**MATERIALS PROVIDED:**
[Start of section]
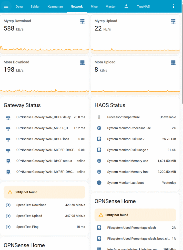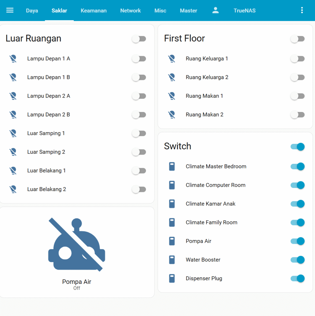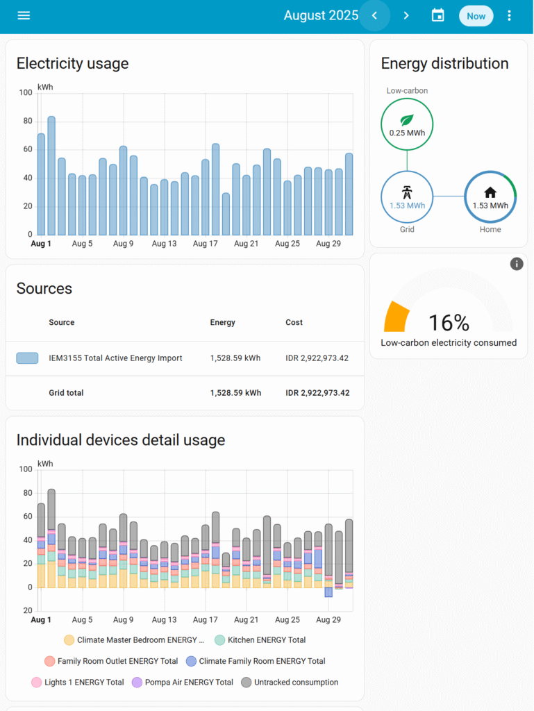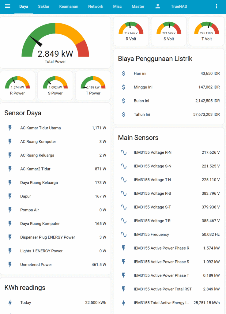 Setelah melakukan googling, ketemulah yang namanya home assistant. Di setup dan berhasil, dan malah akhirnya 1 rumah di monitor 🙂 Tidak hanya kelistrikan, aspek lain seperti CCTV, kondisi jaringan, dan lain-lain juga terintegrasi dalam 1 aplikasi ini.
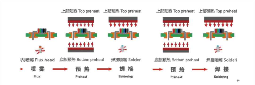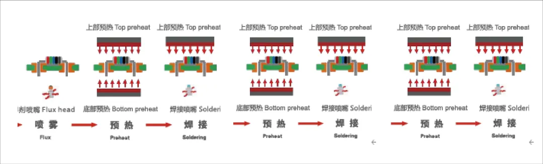 ③ 噴霧+預(yù)熱+焊接+預(yù)熱+焊接+預(yù)熱+焊接
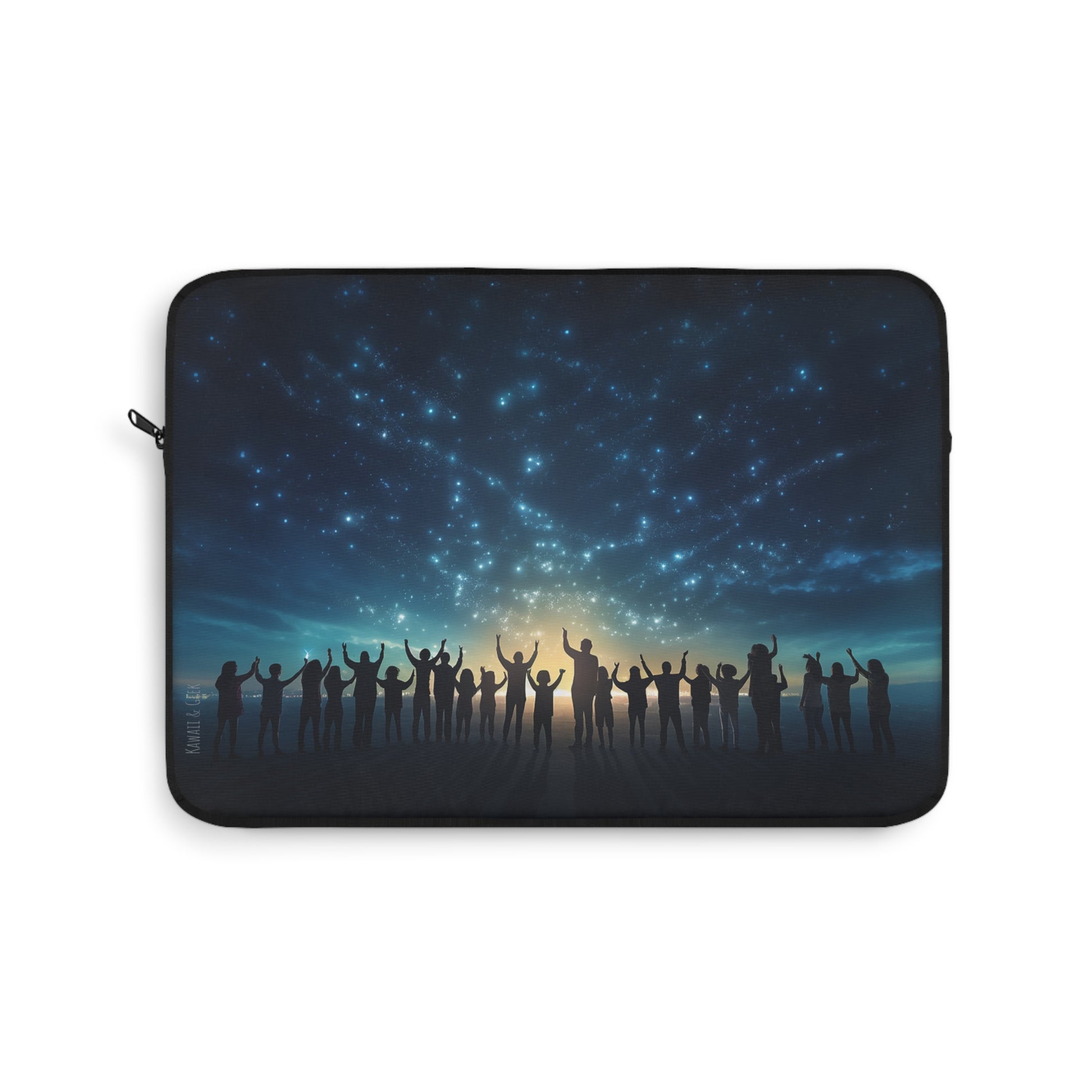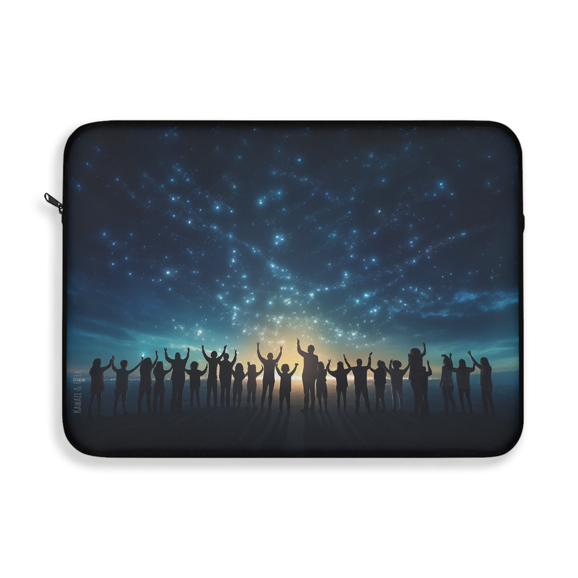 Keywords: Night Sky Sleeve, Constellations Design, Unity Theme, Premium Laptop Protection, Believe Motif, Starry Protective Case, 13-inch Laptop, 15-inch Laptop, Dream Together, Group Silhouette, Tech Accessory, Celestial Theme, Collective Strength.
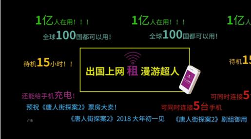 电影《唐人街探案2》算是正式把“唐探宇宙”初步建立了起来,而雄心勃勃准备大干一番的也不仅仅只有唐探剧组,境外随身WiFi的行业领导者“漫游超人”也看到了“唐人街探案”这一大IP的影响力。作为电影《唐人街探案2》独家指定的出境WiFi通讯服务商,漫游超人此次与《唐人街探案2》携手,试水跨界营销。
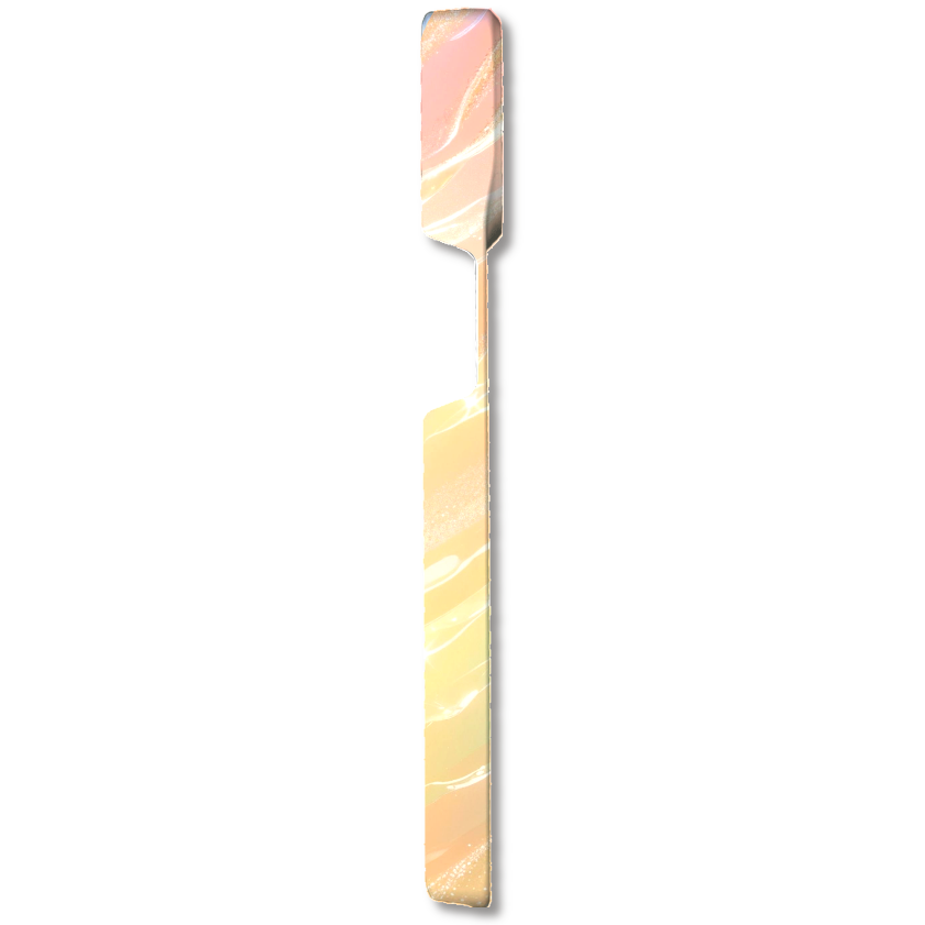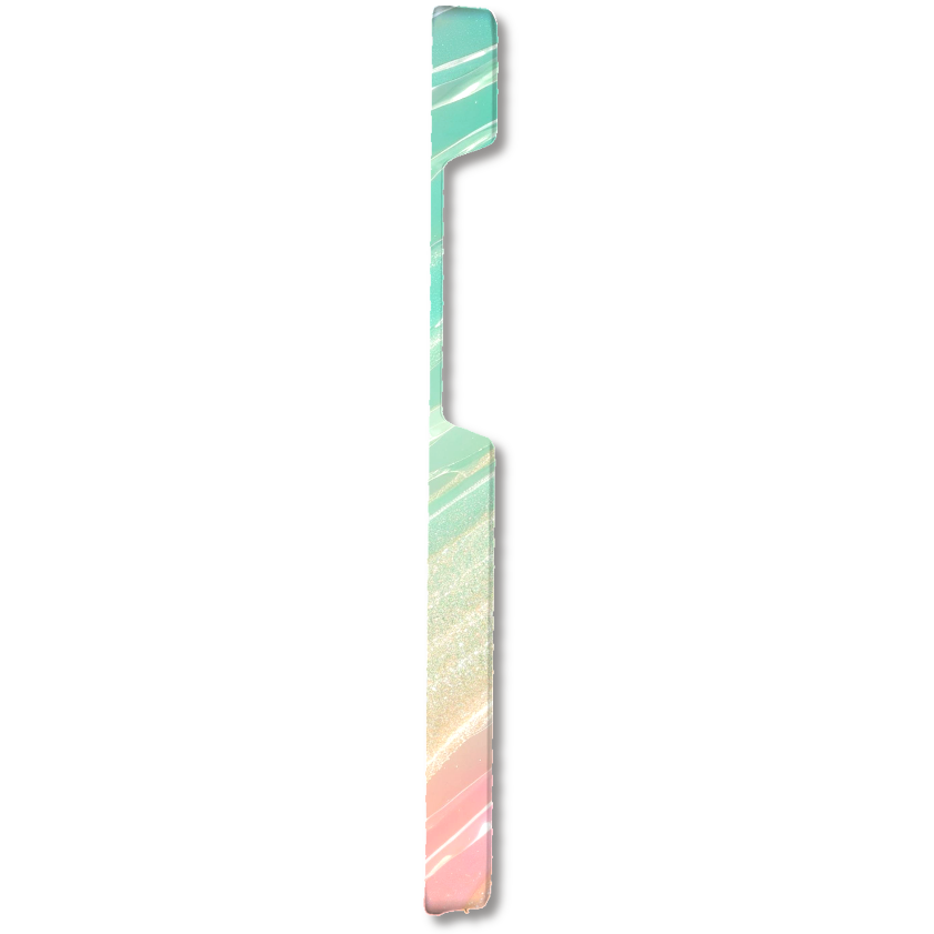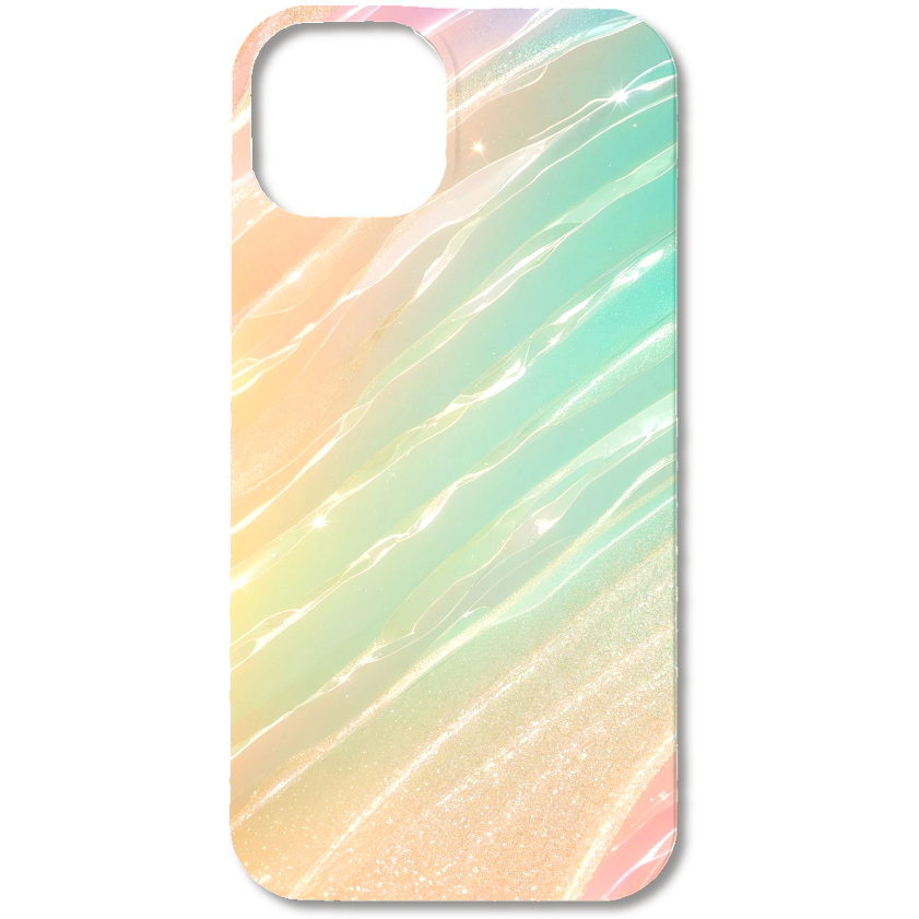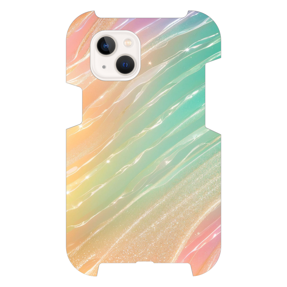 ピンク、オレンジ、イエロー、ミント、パープルの柔らかなグラデーションが、光の流れのような動的な美しさを表現。キラキラとした粒子が散りばめられ、まるでオーロラや宇宙の光を閉じ込めたような幻想的なデザインです。
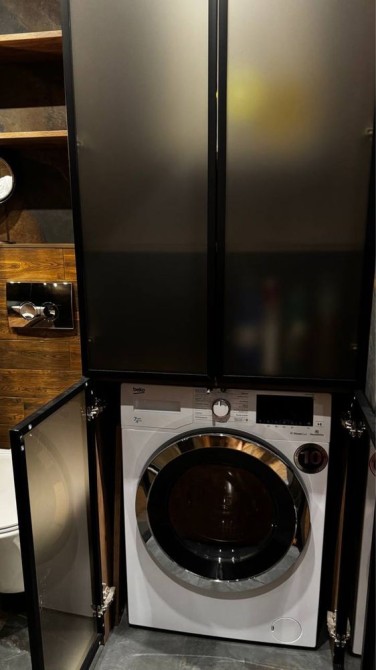 Простора ванна кімната з пральною машиною, прихованими шафами для зберігання і душовою з чорним фурнітурним декором.
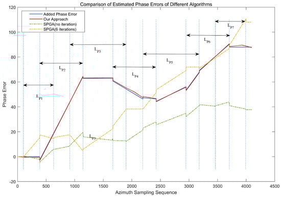 to were the synthetic aperture lengths of points 1 to 7, making the point targets offset by different pixel points, respectively, (see the first row of Table 1). The synthetic aperture of two adjacent main points overlap. It is worth noting that the piecewise linear function is not a linear function, and there are still higher-order components after the Legendre Polynomial Expansion. It will not only bring the drift of the point but also bring the defocusing effect of the point target. The piecewise linear phase error is a relatively extreme case, just to verify the superiority of the algorithm in the processing of linear components in this paper. In Figure 8, the green dotted line is the phase error estimated by SPGA without iteration, whereas the yellow dotted line is the phase error estimated by SPGA after six iterations. The reason why we choose six iterations as the reference object is that under general circumstances [7], six iterations can generally bring good results. It can be seen that the estimated phase error curve is quite different from the added curve, because SPGA cannot estimate the target position of the real point. On the contrary, the red solid line is the phase error extracted by our approach, which can better fit with the added phase error.
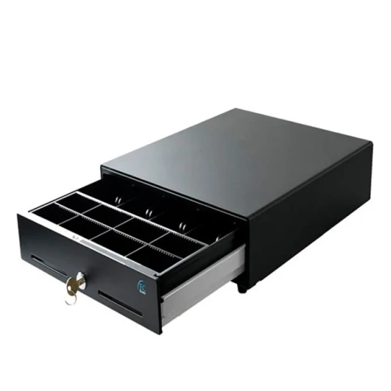 Construcción de acero. Frente de Acero inoxidable pintado. 4 billetes / 8 monedas. Charola de dinero: Sujetadores de billetes Metálico. llave con 3 posiciones. Acceso frontal para documentos. Compatibilidad: Apertura con todas las marcas de impresoras de recibos. Abierto por señal al solenoide. Interfaz: 12v, 24v para RJ11, para Impresora de recibos. Color: Negro. Garantía limitada. Dimensiones de embalaje: 13,8" x 15,9" x 3,5". Peso de embalaje: 4,3kg.
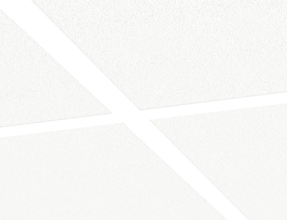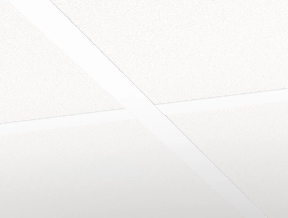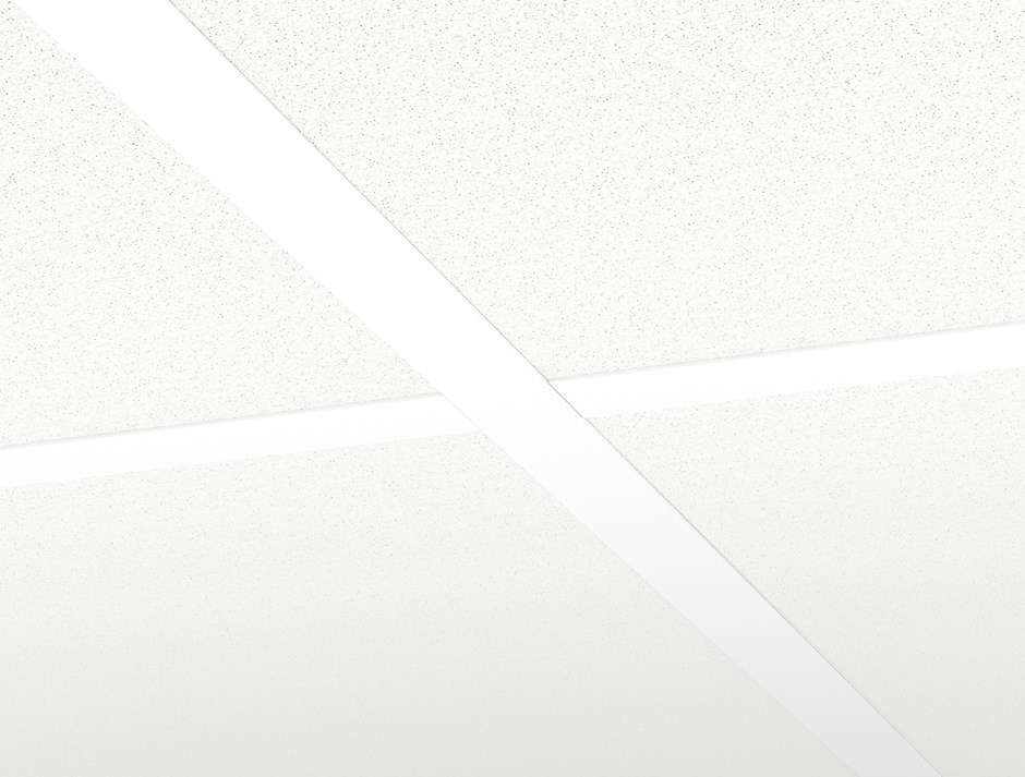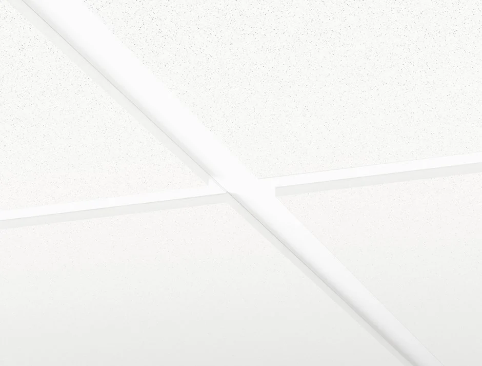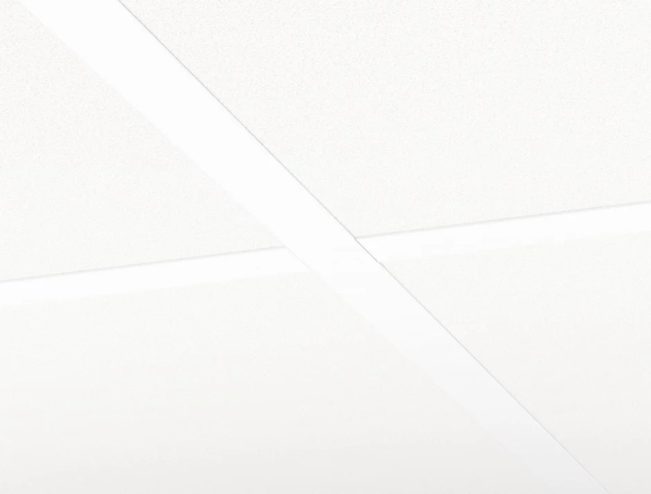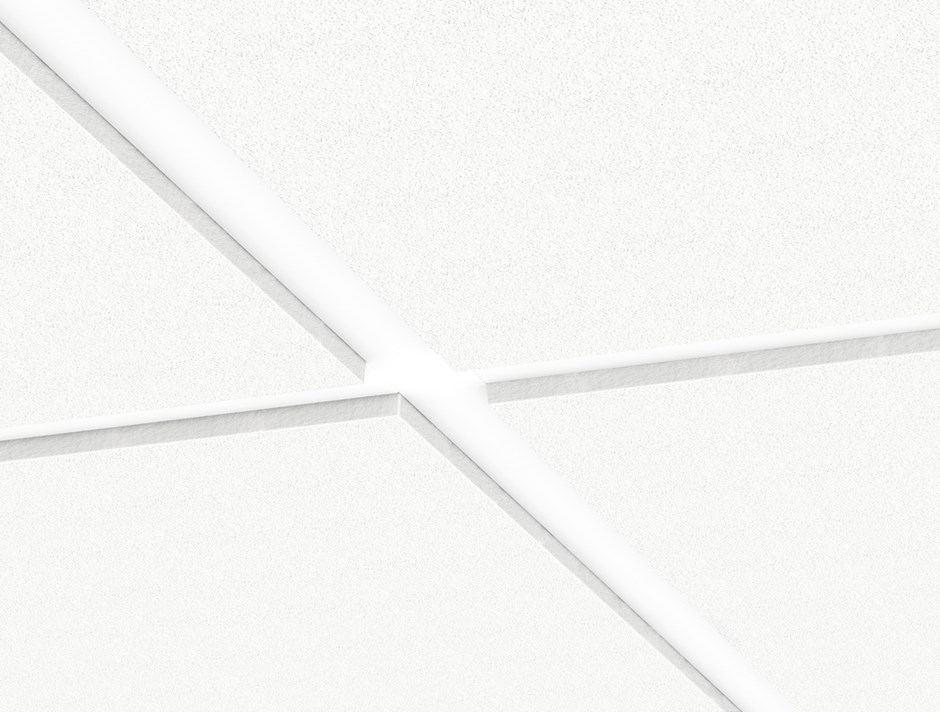 Hygieeninen akustiikkakatto kuiviin tiloihin upotetuilla listoilla
[End of section]
**TASK STATEMENT:** Please output all of the entries above exactly, but without any picture.

**SOLVED EXERCISE:**
 Setelah melakukan googling, ketemulah yang namanya home assistant. Di setup dan berhasil, dan malah akhirnya 1 rumah di monitor 🙂 Tidak hanya kelistrikan, aspek lain seperti CCTV, kondisi jaringan, dan lain-lain juga terintegrasi dalam 1 aplikasi ini.
 ③ 噴霧+預(yù)熱+焊接+預(yù)熱+焊接+預(yù)熱+焊接
 Keywords: Night Sky Sleeve, Constellations Design, Unity Theme, Premium Laptop Protection, Believe Motif, Starry Protective Case, 13-inch Laptop, 15-inch Laptop, Dream Together, Group Silhouette, Tech Accessory, Celestial Theme, Collective Strength.
 电影《唐人街探案2》算是正式把“唐探宇宙”初步建立了起来,而雄心勃勃准备大干一番的也不仅仅只有唐探剧组,境外随身WiFi的行业领导者“漫游超人”也看到了“唐人街探案”这一大IP的影响力。作为电影《唐人街探案2》独家指定的出境WiFi通讯服务商,漫游超人此次与《唐人街探案2》携手,试水跨界营销。
 ピンク、オレンジ、イエロー、ミント、パープルの柔らかなグラデーションが、光の流れのような動的な美しさを表現。キラキラとした粒子が散りばめられ、まるでオーロラや宇宙の光を閉じ込めたような幻想的なデザインです。
 Простора ванна кімната з пральною машиною, прихованими шафами для зберігання і душовою з чорним фурнітурним декором.
 to were the synthetic aperture lengths of points 1 to 7, making the point targets offset by different pixel points, respectively, (see the first row of Table 1). The synthetic aperture of two adjacent main points overlap. It is worth noting that the piecewise linear function is not a linear function, and there are still higher-order components after the Legendre Polynomial Expansion. It will not only bring the drift of the point but also bring the defocusing effect of the point target. The piecewise linear phase error is a relatively extreme case, just to verify the superiority of the algorithm in the processing of linear components in this paper. In Figure 8, the green dotted line is the phase error estimated by SPGA without iteration, whereas the yellow dotted line is the phase error estimated by SPGA after six iterations. The reason why we choose six iterations as the reference object is that under general circumstances [7], six iterations can generally bring good results. It can be seen that the estimated phase error curve is quite different from the added curve, because SPGA cannot estimate the target position of the real point. On the contrary, the red solid line is the phase error extracted by our approach, which can better fit with the added phase error.
 Construcción de acero. Frente de Acero inoxidable pintado. 4 billetes / 8 monedas. Charola de dinero: Sujetadores de billetes Metálico. llave con 3 posiciones. Acceso frontal para documentos. Compatibilidad: Apertura con todas las marcas de impresoras de recibos. Abierto por señal al solenoide. Interfaz: 12v, 24v para RJ11, para Impresora de recibos. Color: Negro. Garantía limitada. Dimensiones de embalaje: 13,8" x 15,9" x 3,5". Peso de embalaje: 4,3kg.
 Hygieeninen akustiikkakatto kuiviin tiloihin upotetuilla listoilla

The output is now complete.